Adir: “Basically what he's saying is I'm paying people for full time and then not giving them that much work. How do I keep them engaged? I'll give you a tip. Pay them for full time and don’t give them that much work. You're doing it.”
I'm a young Australian who's looking into digital production-based work such as video editing and graphic design. I'm tossing up between starting my venture as a freelancer or establishing a business. Are there any particular benefits or downsides to each side?
Adir: “Well, my first comment is, if you're going into video editing now, I think it would be most advantageous if you were AI, which would be better than being a young Australian.”
Followed by a great answer about how to start a company!
Five other stories worth following:
The guys have talked about dynamic pricing from ticketing companies and balancing supply and demand, which made news again this week with Oasis tickets going on sale for new Melbourne and Sydney shows. Presale tickets went live Monday, with fans waiting behind a digital queue of 20,000 people. Taylor Swift’s tour earlier this year saw 800,000 people waiting in a Ticketek online lounge.
Seven & I Holdings is closing 444 underperforming 7-Eleven locations — 3% of the chain’s 13k+ stores in the US and Canada. The chain cited inflation, shifting consumer tastes, a decline in cigarette sales, and slow traffic, which dropped 7.3% in August, as reasons for the closures.
Elon Musk had a rough Friday: He unveiled Tesla’s years-in-the-making robotaxi concept, along with a Robovan, last Thursday, but Wall Street wanted more as Tesla stock sank ~9% the next day. But he had a great Sunday: SpaceX caught a rocket booster the height of a 23-story building with giant mechanical arms on its Texas launchpad yesterday.
All eyes on Netflix’s earnings call this week. The stream leader beat estimates in April after ad-tier subscribers grew 34% while its global paid subs topped 277M (Netflix will stop breaking out sub #s next year as it focuses on revenue).
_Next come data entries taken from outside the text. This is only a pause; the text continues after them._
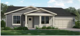
2BR - Americana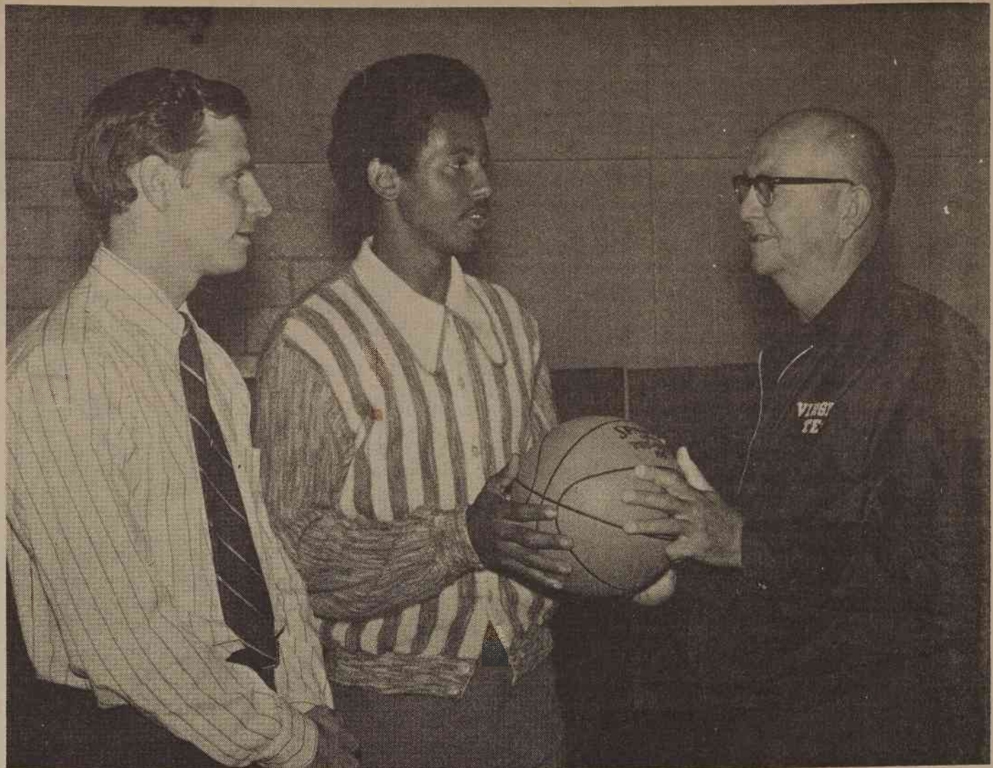
Presentation of Powers award.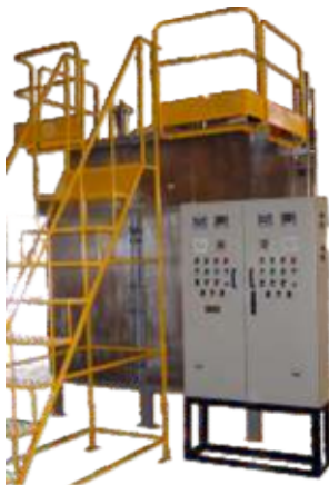
◀ Solvent (TEG) Steam Hydrolysis Cleaning Systems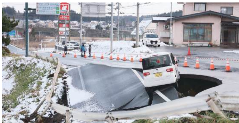
A vehicle rests on the edge of a collapsed road in Tohoku town in Aomori Prefecture yesterday, following a 7.5 magnitude earthquake off northern Japan.

Initially there were reports of several fires but government spokesman Minoru Kihara said yesterday there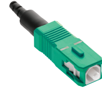
FastCAM SC/APC OS2 Connector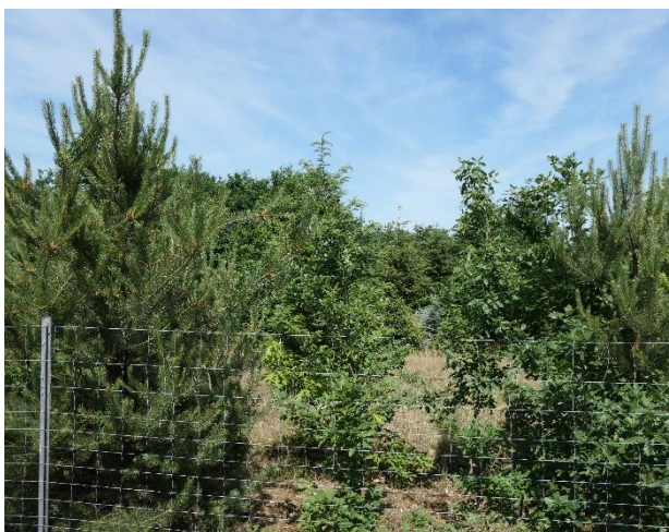
Abb. 15: Nadelholzforst mit Laubholzarten (Biotop Nr. 47, Blickrichtung Südwesten)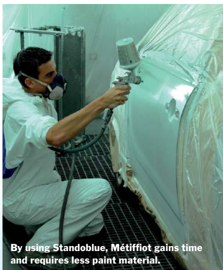
By using Standoblue, Métiffiot gains time and requires less paint material.

(...) Today the operations have an annual turnover of 3.8 million Euros, of which 70 percent originate from the car body area. "The working conditions are growing increasingly more difficult, especially due to the pressure being applied by insurers. Nonetheless, we have to adapt by making use of all means to increase our performance", he continues. One solution is the usage of the new Standoblue base coat system from Standox. (...) After six months the decision makers of the car body operations are not yet able to precisely estimate the returns of the product. The product is in fact 15 to 20 percent more expensive. At the same time "we save time and space for repairs. We require less paint and usage is simpler, even though another process is required", he emphasises. This example demonstrates the importance of the right paint for the productivity of a shop. (...)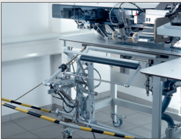
The ready-made parts are stacked automatically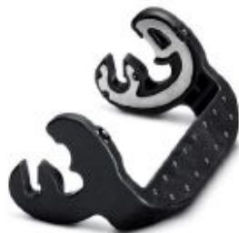
Replacement plastic single locking latch for standard housings of type B10

Please be informed that the data shown in this PDF Document is generated from our Online Catalog. Please find the complete data in the user's documentation. Our General Terms of Use for Downloads are valid ( http://phoenixcontact.com/download )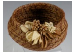
Learn how to weave Pine Needle Baskets with Kathryn Erickson

Paint outdoors from life (en plein air) along with basic art fundamentals of color temperature, value, edges, composition and paint handling. Paint "wet on wet" (alla prima) every day at a different location.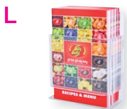
L Jelly Belly Plexiglass Menu Holder. Clear plexiglas unit; adhesive strips on back for mounting; free standing option.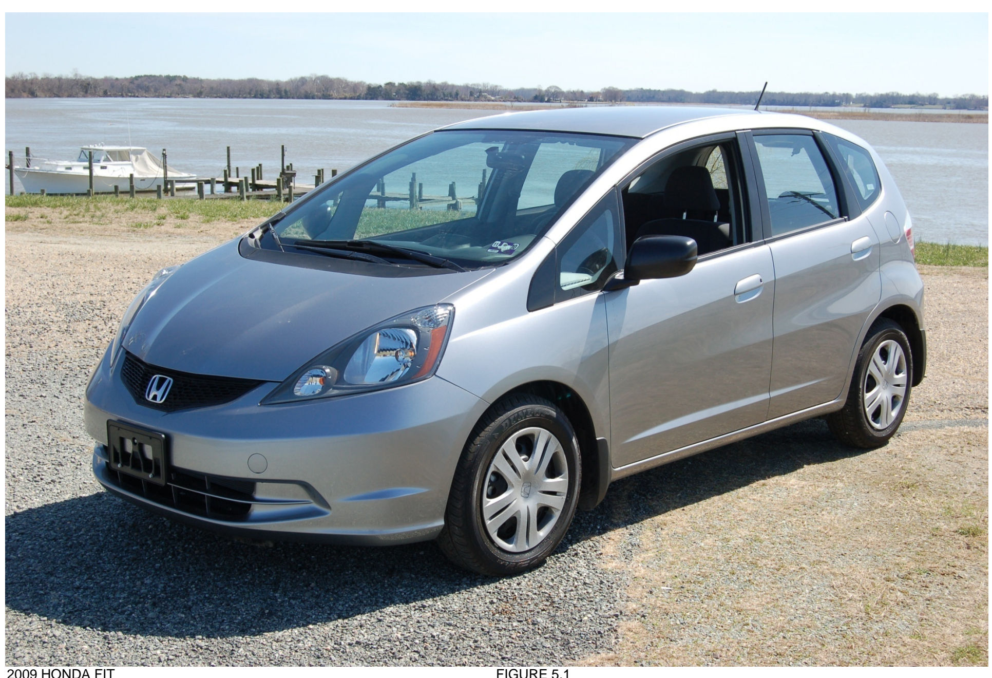
2009 HONDA FIT NHTSA NO. C95302 FMVSS NO. 114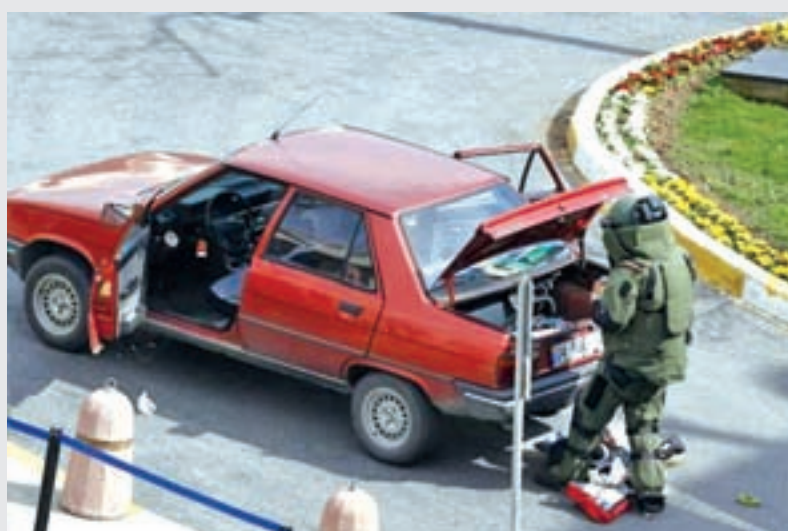
A member of a bomb disposal unit checks a vehicle near the US consulate in Istanbul on 27 Feb, 2015.

Istanbul has been on high security alert since January, when a suicide bomber blew herself up at a police station in the historic Sultanahmet district, killing one officer and wounding another.—Reuters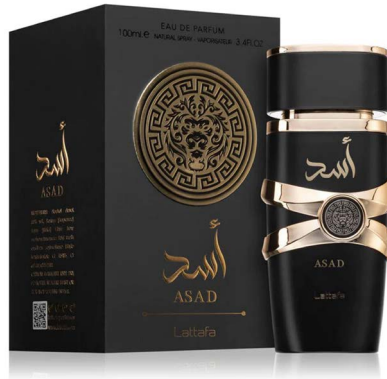
Asad Inspired By: Dior Sauvage Elixir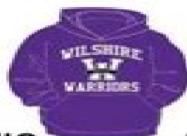
#6 PURPLE HOODY PRINT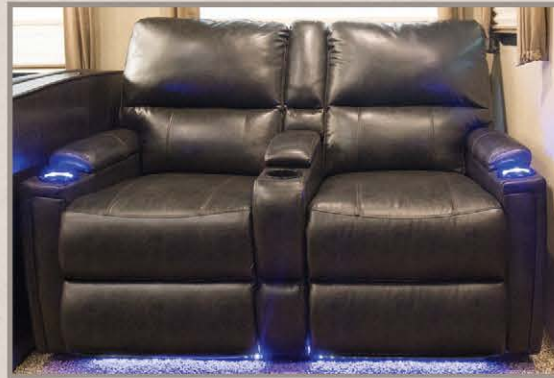
Heated wall hugger theatre seats w/ massage and led lights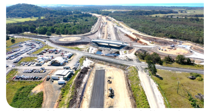
Aerial view of the Broadwater interchange looking north-east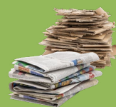
paper and cardboard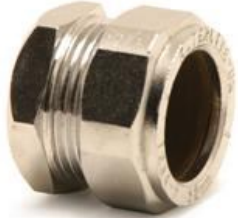
K651CP Stop End

Stop end. Body may be removed at any time and another Kuterlite fitting used with the same nut and compression ring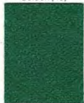
Dark Green (32)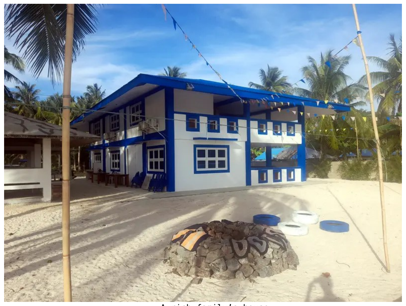
A rich family's house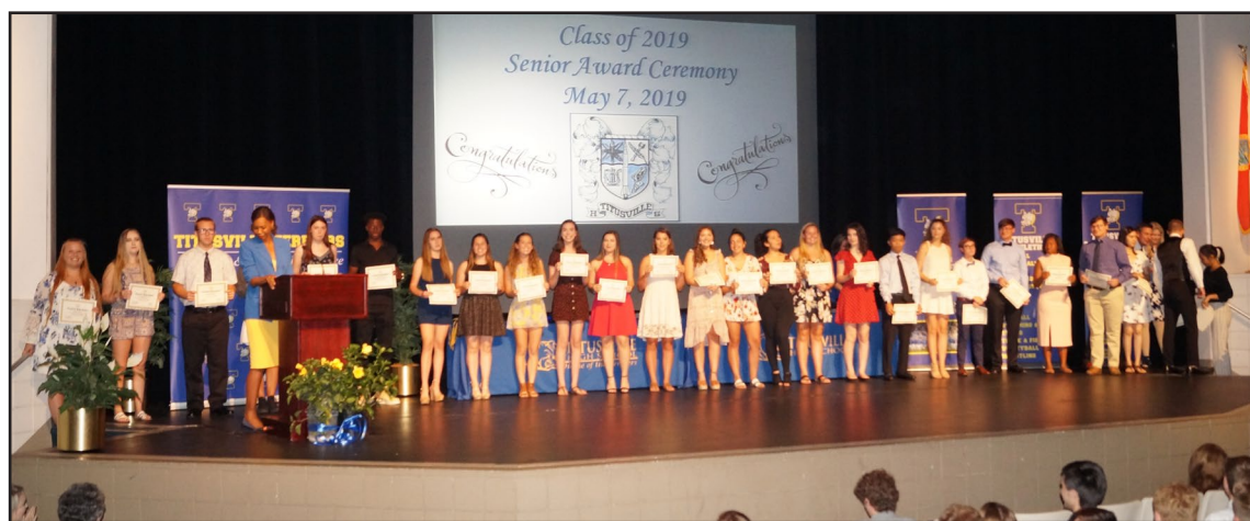
Seniors graduating with their Associates of Arts Degree from Eastern Florida State College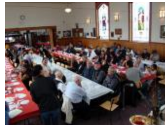
The community gathers (38f-c001524-d0004-001)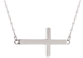
Sideways Stainless Cross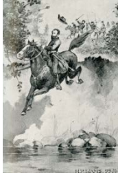
Wheeler on a Horse in Battle

Campaigns of Wheeler and his cavalry, 1862-1865 , Rare Book Collection, E547 W5 D5 1899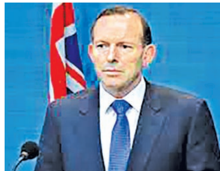
Australian Prime Minister Tony Abbott

PERTH, 22 Feb — Australian Prime Minister Tony Abbott foreshadowed tighter immigration controls on Sunday when he released the first report into a siege last December in Sydney's Lindt cafe, in which two hostages and the gunman were killed.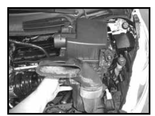
Step 5 Lift up the air box assembly to release it from the mounting grommets and then remove it from the vehicle.

Step 4 Disconnect the crankcase vent hose from the from the valve cover. Then disconnect the fresh air intake scoop from the core support.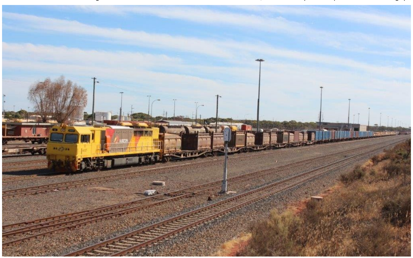
Q4007 with containers of nickel residue, containers for Lynas rare earths and WNs for nickel concentrate form a lengthy 5479 to depart for Leonora early the following morning, 13<sup>th</sup> February. 1250 metres but only 720 tonnes, so just a single loco, to return with loaded WNs only. Two locos will be sent out on 479 a night to two later to bring back the loaded Lynas plus loaded WNs.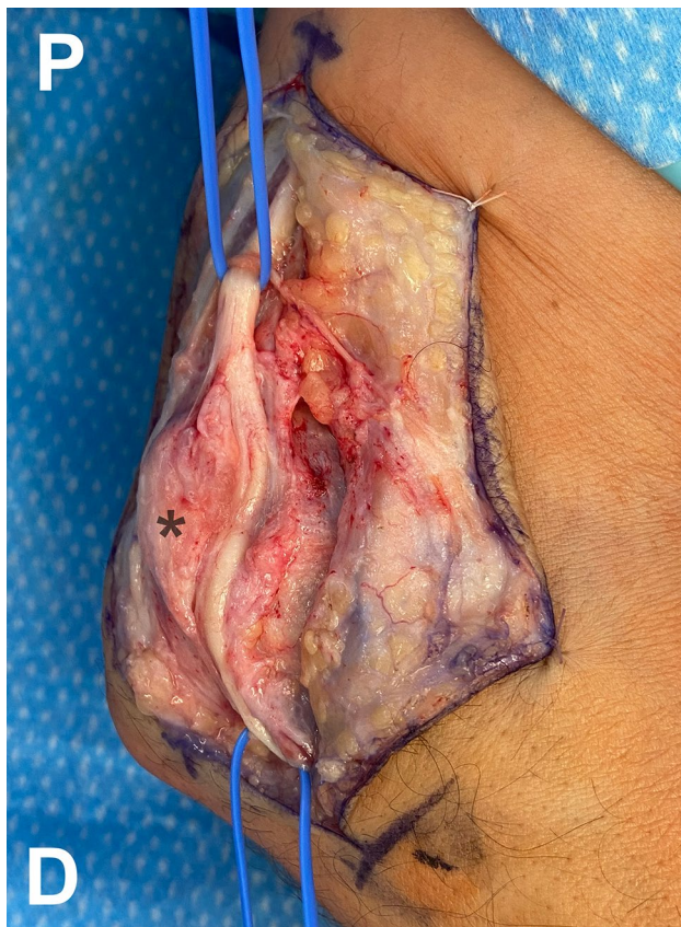
Fig. 2 Intraoperative photograph of the medial aspect of the left elbow showing complete surgical release of the left ulnar nerve located anterior to the medial epicondyle (asterisk). P proximal; D distal

Surgical release of the left ulnar nerve was performed under axillary nerve block and tourniquet. A 12–15-cm longitudinal incision was performed posterior to the medial epicondyle. The ulnar nerve was located anterior to the medial epicondyle (Fig. 2) and complete release of all nerve compression points was performed: the aponeurosis of the flexor carpi ulnaris, the tunnel outlet between the two muscle heads of the flexor carpi ulnaris, the intermuscular septum, and

The streamer’s password-mooching crackdown and its cheaper ad tier have prompted a wave of sign-ups, and the stock’s nearly 2x’d over the past year.
McDonald’s, where menu prices are up an average of 40% since 2019, says higher subtotals are the result of meat-packers’ greedflation. In the US, McDonald’s filed a lawsuit accusing nine US meatpackers of colluding to push up beef costs. The meat’s price is up 4.2% from last year, far outpacing pork and poultry.